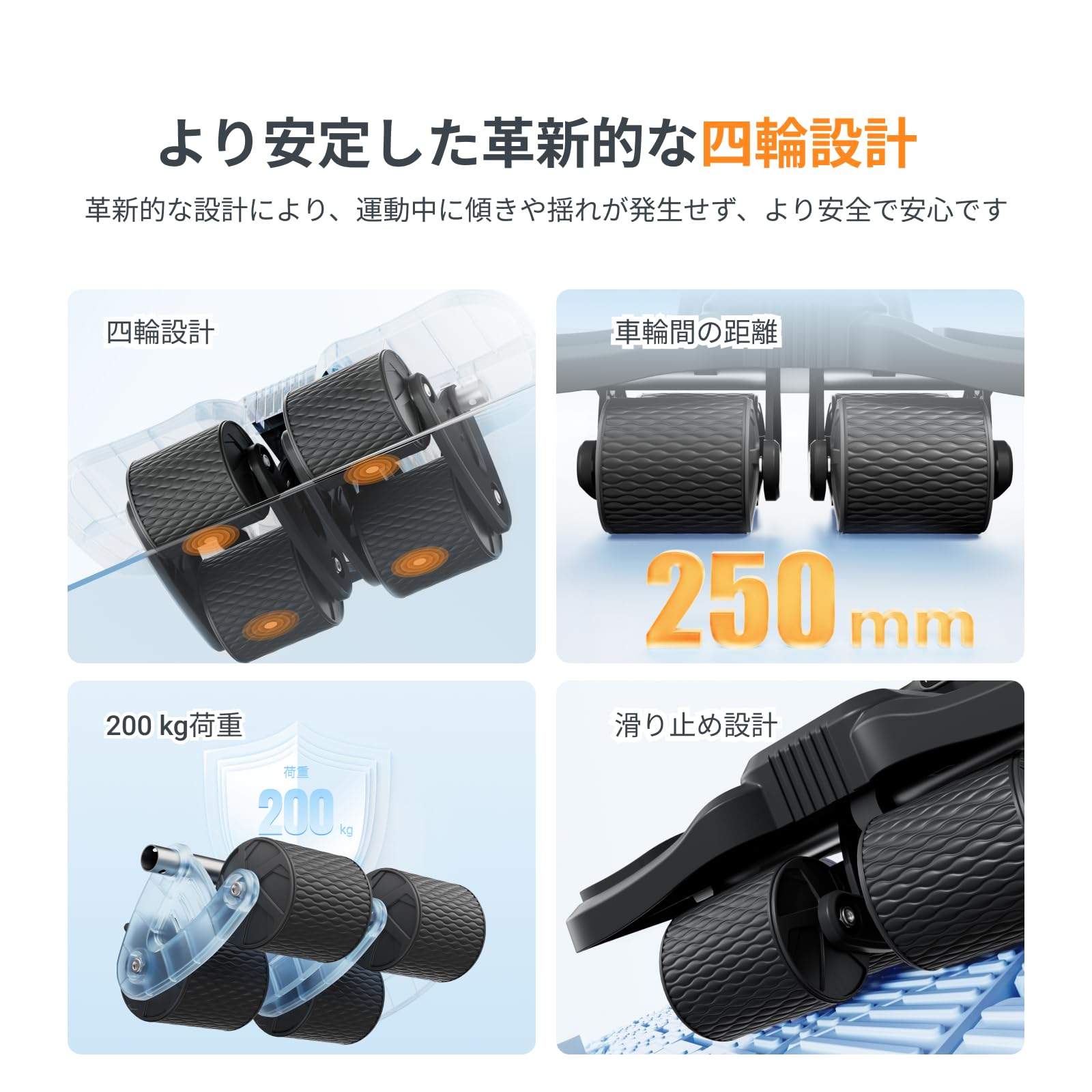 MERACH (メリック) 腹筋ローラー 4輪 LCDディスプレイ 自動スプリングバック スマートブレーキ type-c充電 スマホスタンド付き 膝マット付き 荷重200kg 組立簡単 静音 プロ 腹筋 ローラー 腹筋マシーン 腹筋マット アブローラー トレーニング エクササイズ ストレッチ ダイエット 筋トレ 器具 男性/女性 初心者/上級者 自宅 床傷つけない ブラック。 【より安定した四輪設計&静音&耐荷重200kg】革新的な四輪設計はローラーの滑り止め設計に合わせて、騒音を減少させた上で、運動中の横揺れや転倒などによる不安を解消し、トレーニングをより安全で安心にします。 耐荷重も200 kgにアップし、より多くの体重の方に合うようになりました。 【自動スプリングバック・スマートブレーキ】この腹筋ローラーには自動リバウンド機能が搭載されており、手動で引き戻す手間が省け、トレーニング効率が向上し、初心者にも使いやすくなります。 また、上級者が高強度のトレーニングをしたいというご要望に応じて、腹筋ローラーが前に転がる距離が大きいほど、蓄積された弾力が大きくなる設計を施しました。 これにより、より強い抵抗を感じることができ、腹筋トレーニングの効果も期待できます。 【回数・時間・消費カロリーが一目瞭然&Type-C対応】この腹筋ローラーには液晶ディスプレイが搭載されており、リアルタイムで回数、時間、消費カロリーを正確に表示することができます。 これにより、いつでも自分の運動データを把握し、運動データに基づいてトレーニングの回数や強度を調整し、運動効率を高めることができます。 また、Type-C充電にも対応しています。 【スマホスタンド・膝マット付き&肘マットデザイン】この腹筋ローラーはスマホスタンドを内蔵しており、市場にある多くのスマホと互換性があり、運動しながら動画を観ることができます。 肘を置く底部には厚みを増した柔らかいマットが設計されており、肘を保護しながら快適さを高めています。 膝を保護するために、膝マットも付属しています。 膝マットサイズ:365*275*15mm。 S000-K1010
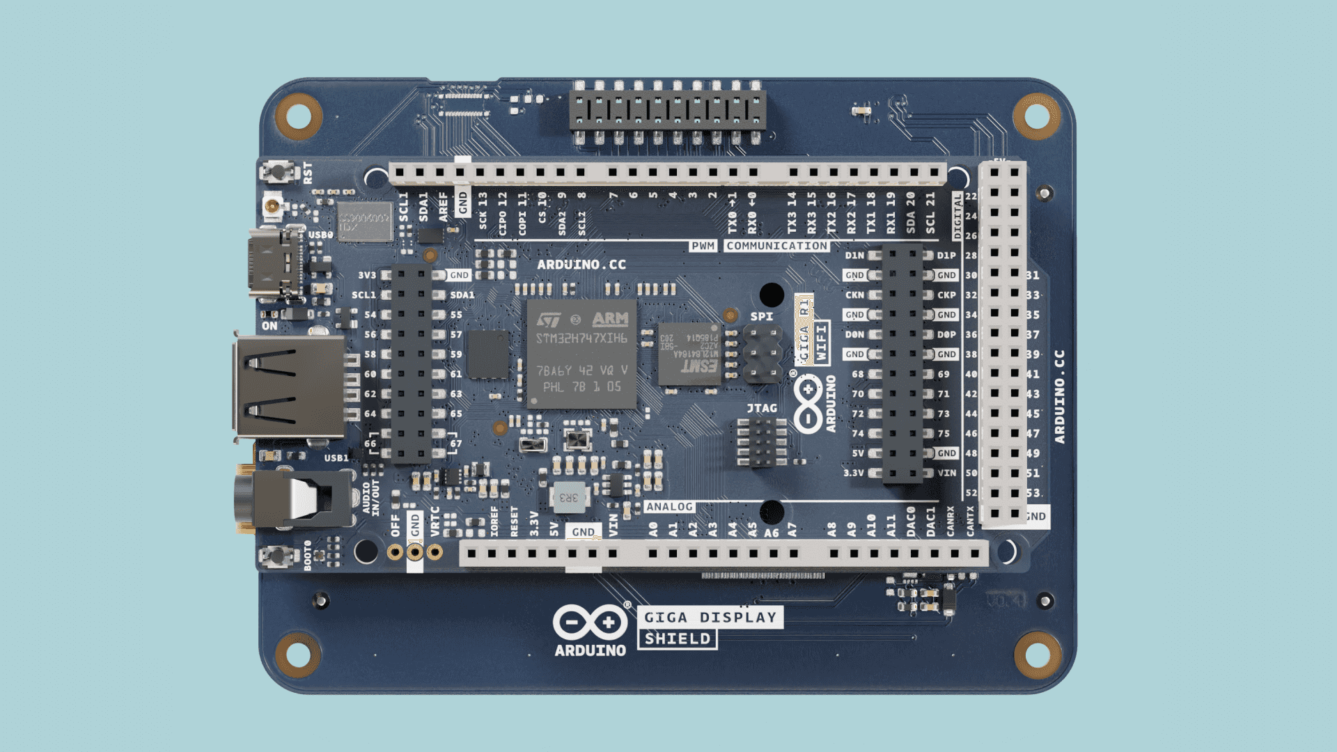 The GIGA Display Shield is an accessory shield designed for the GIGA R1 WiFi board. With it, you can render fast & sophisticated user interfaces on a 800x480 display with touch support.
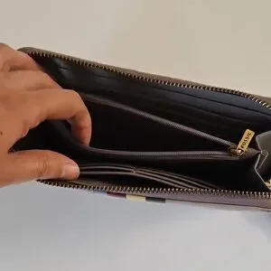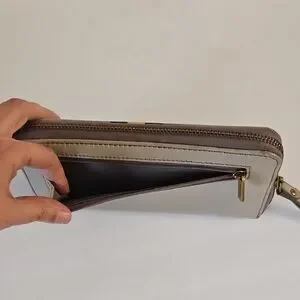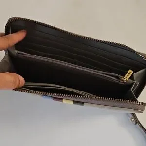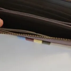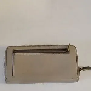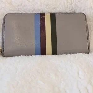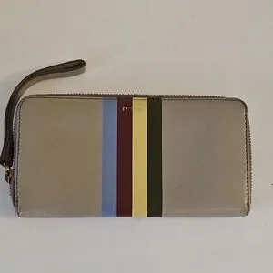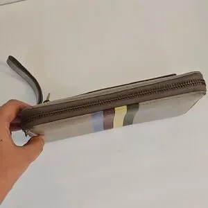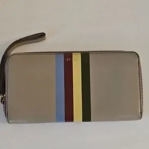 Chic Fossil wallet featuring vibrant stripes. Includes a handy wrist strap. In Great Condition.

* * * * * * *

A faithful transcription of the material, with no pictures, is the expected result.

 MERACH (メリック) 腹筋ローラー 4輪 LCDディスプレイ 自動スプリングバック スマートブレーキ type-c充電 スマホスタンド付き 膝マット付き 荷重200kg 組立簡単 静音 プロ 腹筋 ローラー 腹筋マシーン 腹筋マット アブローラー トレーニング エクササイズ ストレッチ ダイエット 筋トレ 器具 男性/女性 初心者/上級者 自宅 床傷つけない ブラック。 【より安定した四輪設計&静音&耐荷重200kg】革新的な四輪設計はローラーの滑り止め設計に合わせて、騒音を減少させた上で、運動中の横揺れや転倒などによる不安を解消し、トレーニングをより安全で安心にします。 耐荷重も200 kgにアップし、より多くの体重の方に合うようになりました。 【自動スプリングバック・スマートブレーキ】この腹筋ローラーには自動リバウンド機能が搭載されており、手動で引き戻す手間が省け、トレーニング効率が向上し、初心者にも使いやすくなります。 また、上級者が高強度のトレーニングをしたいというご要望に応じて、腹筋ローラーが前に転がる距離が大きいほど、蓄積された弾力が大きくなる設計を施しました。 これにより、より強い抵抗を感じることができ、腹筋トレーニングの効果も期待できます。 【回数・時間・消費カロリーが一目瞭然&Type-C対応】この腹筋ローラーには液晶ディスプレイが搭載されており、リアルタイムで回数、時間、消費カロリーを正確に表示することができます。 これにより、いつでも自分の運動データを把握し、運動データに基づいてトレーニングの回数や強度を調整し、運動効率を高めることができます。 また、Type-C充電にも対応しています。 【スマホスタンド・膝マット付き&肘マットデザイン】この腹筋ローラーはスマホスタンドを内蔵しており、市場にある多くのスマホと互換性があり、運動しながら動画を観ることができます。 肘を置く底部には厚みを増した柔らかいマットが設計されており、肘を保護しながら快適さを高めています。 膝を保護するために、膝マットも付属しています。 膝マットサイズ:365*275*15mm。 S000-K1010
 The GIGA Display Shield is an accessory shield designed for the GIGA R1 WiFi board. With it, you can render fast & sophisticated user interfaces on a 800x480 display with touch support.
 Chic Fossil wallet featuring vibrant stripes. Includes a handy wrist strap. In Great Condition.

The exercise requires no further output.